During the second day of Airspace World, ATM Magazine had the pleasure of moderating a panel ‘New airspace infrastructure: vertiports” with great insights from Gema Ferrero Rubiera, Managing Director, Bluenest, Kim Silander, Founder IBG A2M and Kookiejar of Sweden and Hendrik-Jan Van Der Gucht, Managing Director, Skeydrone. We looked at the challenges that still need to be addressed to successfully develop vertiports and make UAM a reality. Regulation was of course a priority on everyone’s mind. Looking across the regions, there is a lot of great activity in the Middle East and the panel felt they could be high in the running to implement UAM and vertiports following the Paris Olympics – who is likely in first place. The industry talks a lot about UAM coming, with a pilot on board, but doesn’t talk about the timeline for UAM without a pilot. This was the final question posed to the panel and predictions came back as 2030 – 2035 - 2040. Which shows there’s still a way for the industry to go before this version of UAM becomes a reality. Are you ready to fly onboard without a pilot? I think we need to do a survey on this topic!
SITA shared with us the latest news related to the project they have been working on with Skysoft-ATM to optimise air traffic. SITA’s OptiFlight solution provides pilots with direct routing recommendations, leveraging machine learning analysing historical data and 4D weather forecasts so that pilots can request their optimised trajectories from ATC. This sounds great, but the problem today is that it’s not integrated and the solution depends on pilots requesting this routing from the ATC organisation they are currently under the control of. This leaves the situation open to chance – that the pilot wants to make this request and the ATCO wants to grant it.
This is where the integration with SkySoft ATM comes into play. The integrated solution will display recommendations on ATC-displays allowing ATCOs to analyse direct route recommendations and integrate them with trajectory management tools, ensuring safety levels are maintained.
As the world of aviation moves towards green financing it will become a imperative to be able to show that your company is taking the appropriate steps towards reduction of fuel usage and CO2. Now would be a great time to start deploying solutions of this type to be ready for these conversations in the future. But if not for a better reason, than helping our global environment in any way possible, why not consider something like this sooner vs. later?

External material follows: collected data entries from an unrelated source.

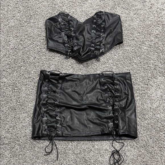 Stylish black skirt with lace-up detailing. Perfect for a bold, edgy look.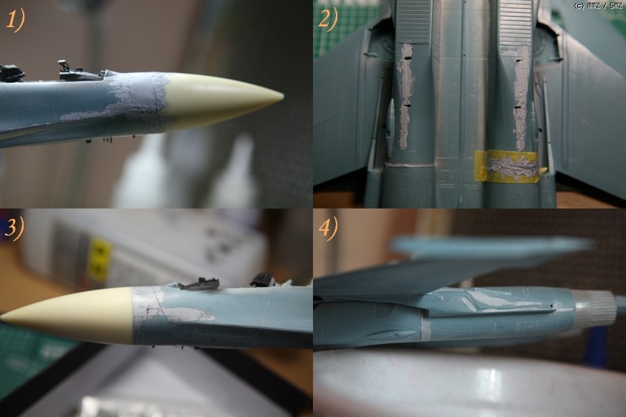 1) 수정된 노즈콘을 별매로 붙이니 단차가 발생합니다. 타미야 베이직퍼티로 발라주었구요.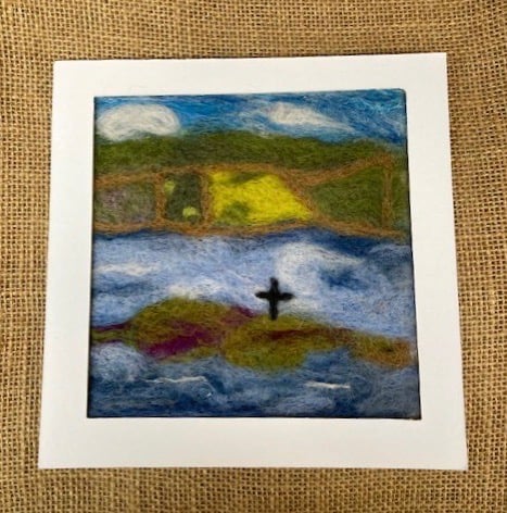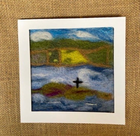 This depiction of the ethereal, spiritual holy island of St Cuthbert has been made using the needle felting process. The picture has then been surrounded by white mounting board ready for framing. The actual picture measures 15cm x 15 cm and with the mounting board the entire piece measures 19cm x 19 cm.

Another interesting conversation was with Osprey Flight Solutions. They are focused on security and provide global aviation risk assessment using artificial intelligence (AI) to identify anomaly detection. Examples of their current customers are airlines, government organisations (ie TSA), regulators (ie EASA), military forces (mainly Air Force today) and insurance companies. They are also sharing their data with EUROCONTROL, which today would be the pathway to ANSPs.
Their solution is a SaaS platform which provides an intelligence analyser and alerts for clients in areas of interest. Examples of live alerts available to the public can be seen on their homepage. If you think of their service in cyber security terms you can compare it to threat hunting. They are looking for topics of concern and sharing them with their clients. The clients then need to determine what to do with that information. In addition to alerting topics that could impact airspace management or air traffic control, there could also be opportunities to more precisely restrict airspace so not as large of an area is impacted.
During our meeting they shared some impressive indicators they were able to identify related to the war in Ukraine. I’m looking forward to hearing more from them.